__WHAT TO WORK ON__
The answer should hold only the lines from the one containing "广州市花都区地税局孙国文局长" through the one containing "Grace Karin Gray" in the entries below, copied exactly, without pictures.

Records contained in a dataset
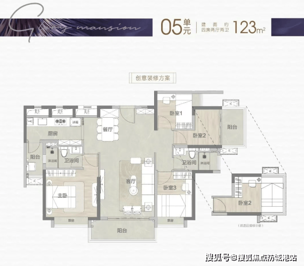 123平方米的四房户型,则是君曜府的旗舰产品。阔绰的横厅设计,面宽极大,采光通风效果极佳。四房布局,可以满足三代同堂的居住需求,或者预留出独立的衣帽间、影音室等功能空间。主卧空间宽敞,配有全景飘窗,推窗即见城市美景或江景。这款户型专为追求高品质生活的菁英人士打造,彰显了主人的身份与品味。
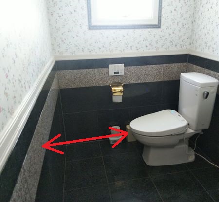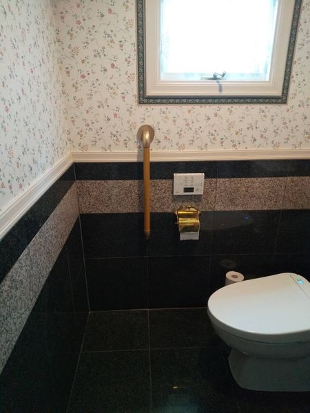 既存トイレ、前の壁までが少し遠くて立ち上がるのがキツイとお母様。
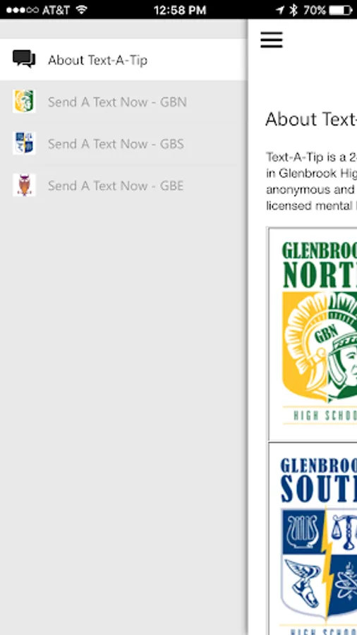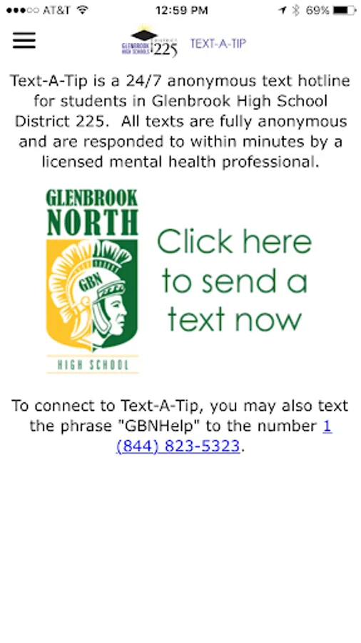 Mobile app supporting LEAD's Text-A-Tip system for Glenbrook High Schools (Glenbrook North, Glenbrook South and Glenbrook Evening High Schools). Text-A-Tip is 24/7 anonymous text line intended for use by students. All texts are fully anonymous and are responded to within minutes by a team of licensed mental health professionals.
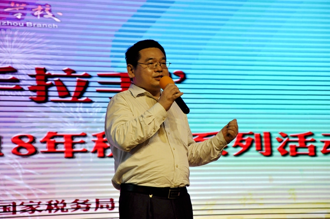 广州市花都区地税局孙国文局长向黄广学校的优异办学成果表示祝贺,并现场诠释本年度税务教育活动以“心连心·手拉手”为核心的内涵与意义,鼓励学生用心理解,更积极、踊跃地投入参与税务知识的学习与了解。
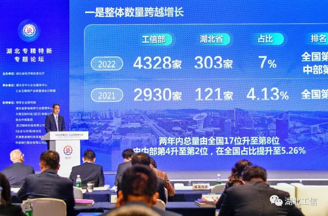 11月21日上午,2022中國5G+工業(yè)互聯(lián)網(wǎng)大會湖北專精特新專題論壇在光谷科技會展中心舉行。省經(jīng)信廳黨組書記、廳長劉海軍在論壇上發(fā)布《湖北省專精特新企業(yè)發(fā)展報告》。
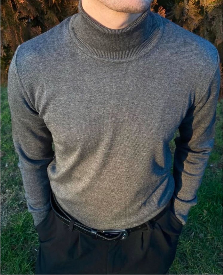 Gri renkli, yün örme kumaştan boğazlı ve uzun kollu erkek kazak. Regular fit kesim, desensiz tasarım, günlük ve sokak stiline uygun.
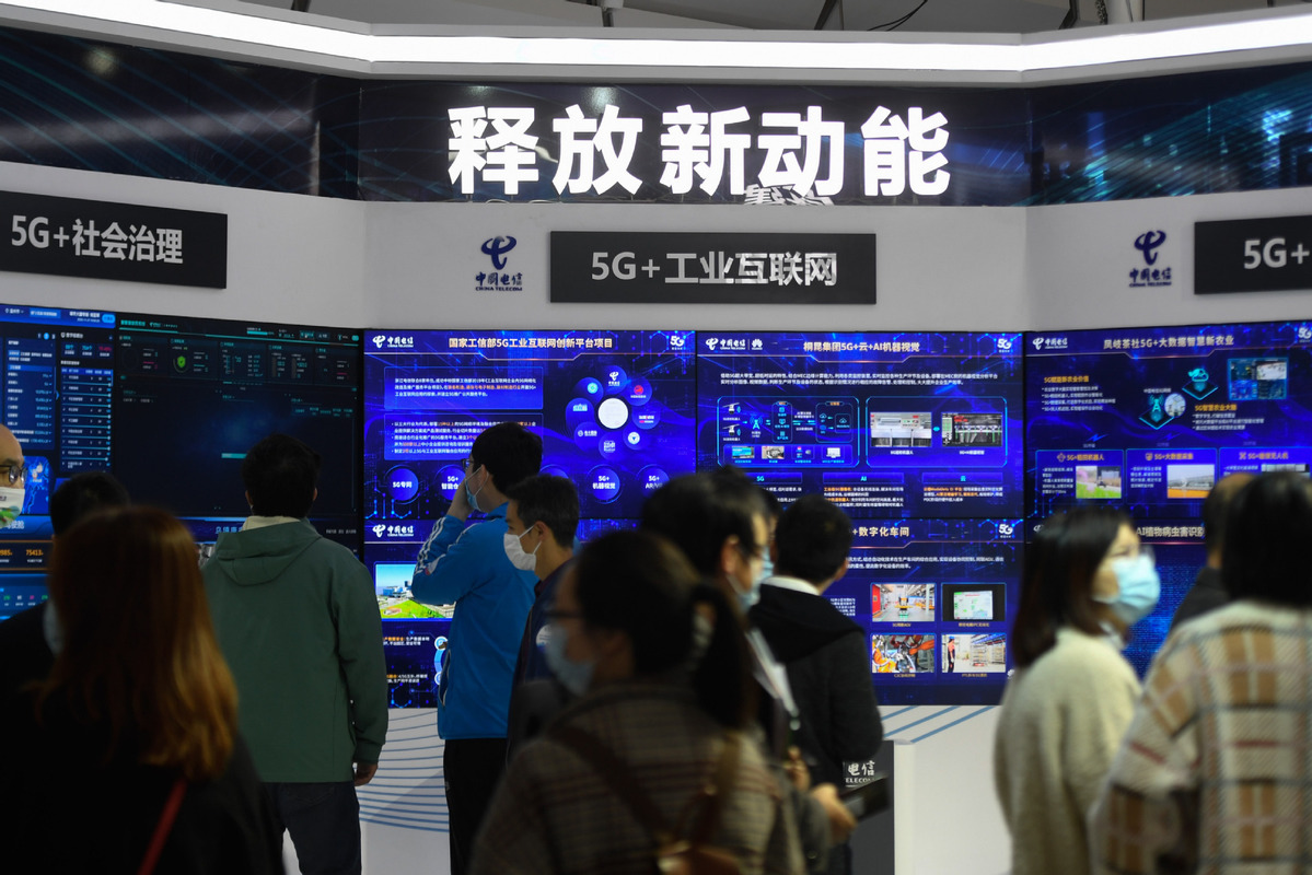People learn about 5G technology at the booth of China Telecom during the Light of Internet Expo of the 2020 World Internet Conference in Wuzhen, East China's Zhejiang province, Nov 22, 2020. [Photo/Xinhua]
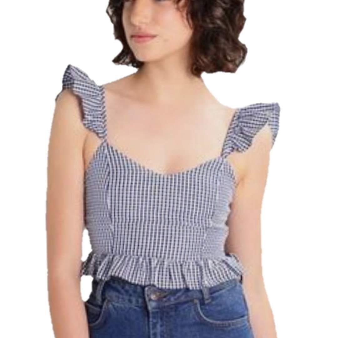 Buy Debra Bridal Store Black And White Checks Top For Women Ruffle Shoulder At Amazon In
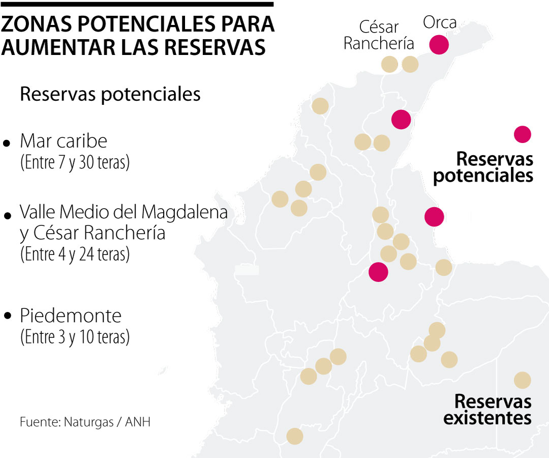 Ante el declive de las reservas de gas natural, Naturgas ha señalado que se debe seguir potencializando la producción local, que además de los pozos al interior del país y los no convencionales, puede llegar del potencial que hay en el Mar Caribe, donde hay entre 7 y 30 teras en yacimientos no convencionales, que multiplicaría por cinco las reservas actuales.
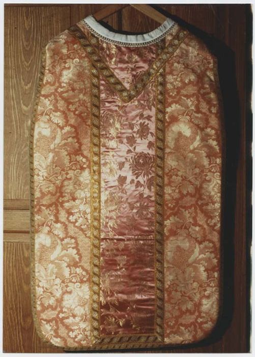 Chasuble composée de trois lés de tissu réunis avec galon or à fleurettes d'argent. La bande centrale est en satin de soie rose avec motifs de ramages végétaux et fleurs or. Les bandes latérales sont un broché de soie imprimé de motifs végétaux stylisés sur fond rose.
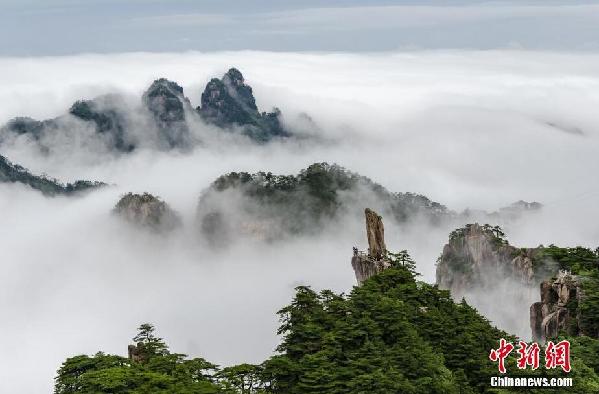 6月25日,安徽黄山风景区经历一场雨水洗礼后,绵延起伏的山峦沉浸在云雾之中,漫山树木青翠欲滴。
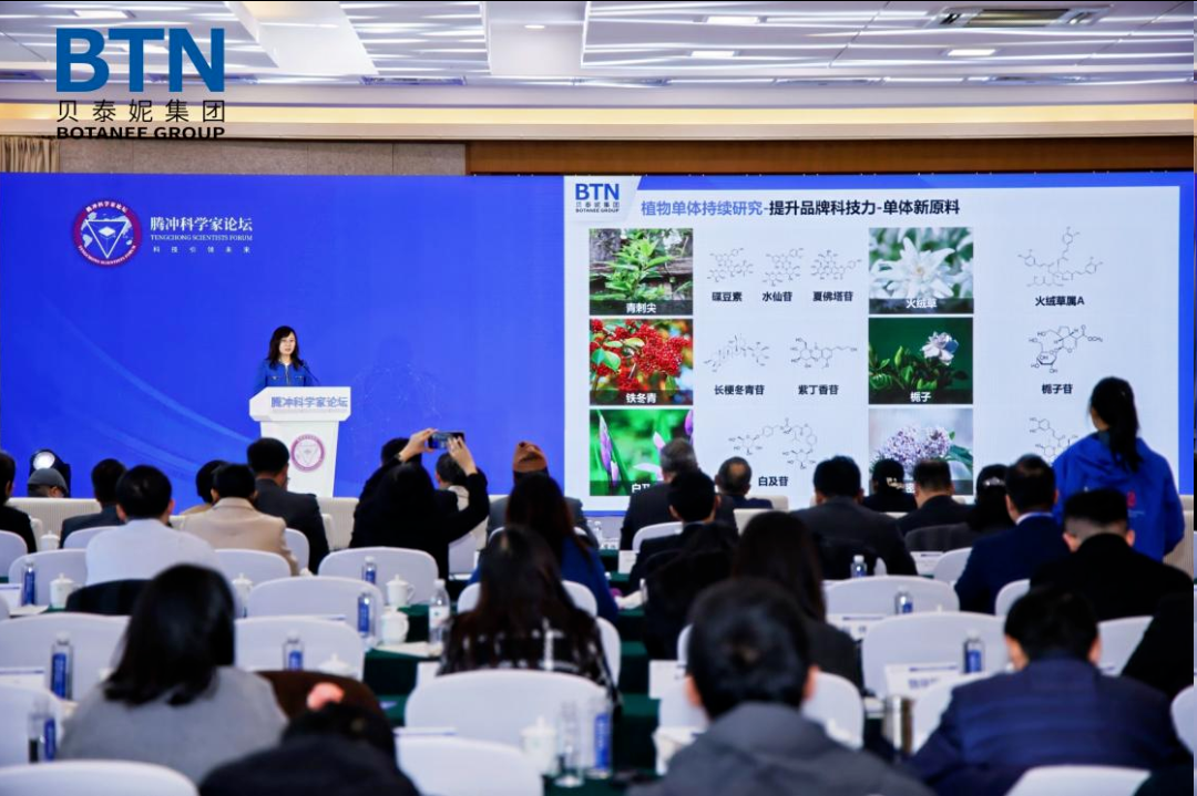 12月7日,云南贝泰妮生物科技集团股份有限公司亮相2025年腾冲科学家论坛系列活动南亚东南亚国际知识产权创新合作研讨会,贝泰妮资深研发总监、云南特色植物提取实验室创新原料首席科学家曲丽萍博士受邀出席,并以“云南特色植物新原料自主研发及产业化”为主题,重磅发布集团在植物新原料自主研发及产业化领域的系列成果,向国内外专家展示了贝泰妮集团在植物新原料研发领域的创新成果与实践路径。
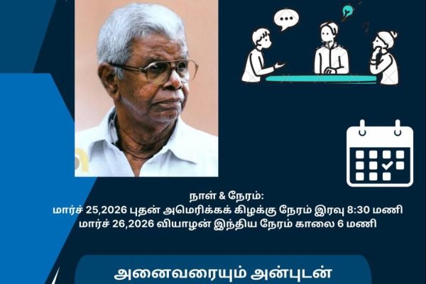 புதிய பார்வைகள் பெறும்போதுகதைகள்புதிய கதைகளாகி விடுகின்றன.- பி.கே. சிவகுமார் கதைப்போமா நண்பர்கள் குழுமம் நடத்தும் சிறுகதை கலந்துரையாடலில், அடுத்து சார்வாகன் எழுதிய “நாதப்பிரும்மம்” சிறுகதை. நாள் & நேரம்:மார்ச் 11 2026 புதன் அமெரிக்கக்…
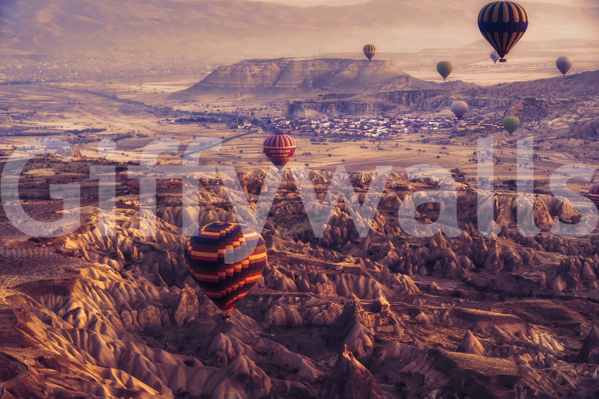 Hot Air Balloons in Cappadocia Wall Mural – Vibrant mural depicting colorful balloons drifting over the fairy chimneys and valleys.
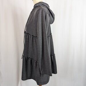 Grace Karin Gray Tiered Ruffle Hoodie Tunic Top Dress Womens Sz Medium M NEW NWT
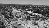 Daytime aerial view of historic downtown Folsom, California, USA.
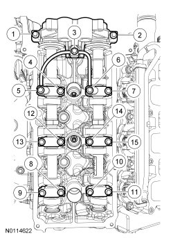Install the 6 camshaft caps, mega cap, valve train oil tube and the 15 bolts in the sequence shown.
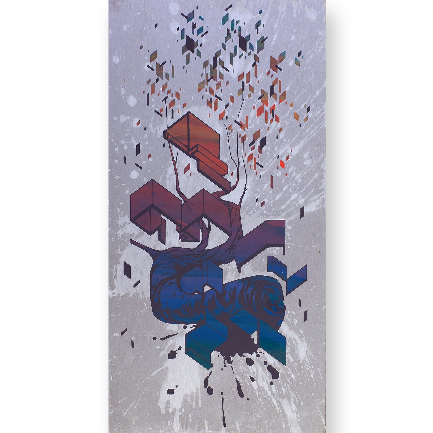 Natural fight by Etnik is a hand-finished screen print on aluminium treated with acid realized in collaboration with 56 Fili for his solo exhibition “Gravità” on show at Galleria Varsi from January 31st to March 15th, 2015.

__RESPONSE__
 广州市花都区地税局孙国文局长向黄广学校的优异办学成果表示祝贺,并现场诠释本年度税务教育活动以“心连心·手拉手”为核心的内涵与意义,鼓励学生用心理解,更积极、踊跃地投入参与税务知识的学习与了解。
 11月21日上午,2022中國5G+工業(yè)互聯(lián)網(wǎng)大會湖北專精特新專題論壇在光谷科技會展中心舉行。省經(jīng)信廳黨組書記、廳長劉海軍在論壇上發(fā)布《湖北省專精特新企業(yè)發(fā)展報告》。
 Gri renkli, yün örme kumaştan boğazlı ve uzun kollu erkek kazak. Regular fit kesim, desensiz tasarım, günlük ve sokak stiline uygun.
People learn about 5G technology at the booth of China Telecom during the Light of Internet Expo of the 2020 World Internet Conference in Wuzhen, East China's Zhejiang province, Nov 22, 2020. [Photo/Xinhua]
 Buy Debra Bridal Store Black And White Checks Top For Women Ruffle Shoulder At Amazon In
 Ante el declive de las reservas de gas natural, Naturgas ha señalado que se debe seguir potencializando la producción local, que además de los pozos al interior del país y los no convencionales, puede llegar del potencial que hay en el Mar Caribe, donde hay entre 7 y 30 teras en yacimientos no convencionales, que multiplicaría por cinco las reservas actuales.
 Chasuble composée de trois lés de tissu réunis avec galon or à fleurettes d'argent. La bande centrale est en satin de soie rose avec motifs de ramages végétaux et fleurs or. Les bandes latérales sont un broché de soie imprimé de motifs végétaux stylisés sur fond rose.
 6月25日,安徽黄山风景区经历一场雨水洗礼后,绵延起伏的山峦沉浸在云雾之中,漫山树木青翠欲滴。
 12月7日,云南贝泰妮生物科技集团股份有限公司亮相2025年腾冲科学家论坛系列活动南亚东南亚国际知识产权创新合作研讨会,贝泰妮资深研发总监、云南特色植物提取实验室创新原料首席科学家曲丽萍博士受邀出席,并以“云南特色植物新原料自主研发及产业化”为主题,重磅发布集团在植物新原料自主研发及产业化领域的系列成果,向国内外专家展示了贝泰妮集团在植物新原料研发领域的创新成果与实践路径。
 புதிய பார்வைகள் பெறும்போதுகதைகள்புதிய கதைகளாகி விடுகின்றன.- பி.கே. சிவகுமார் கதைப்போமா நண்பர்கள் குழுமம் நடத்தும் சிறுகதை கலந்துரையாடலில், அடுத்து சார்வாகன் எழுதிய “நாதப்பிரும்மம்” சிறுகதை. நாள் & நேரம்:மார்ச் 11 2026 புதன் அமெரிக்கக்…
 Hot Air Balloons in Cappadocia Wall Mural – Vibrant mural depicting colorful balloons drifting over the fairy chimneys and valleys.
 Grace Karin Gray Tiered Ruffle Hoodie Tunic Top Dress Womens Sz Medium M NEW NWT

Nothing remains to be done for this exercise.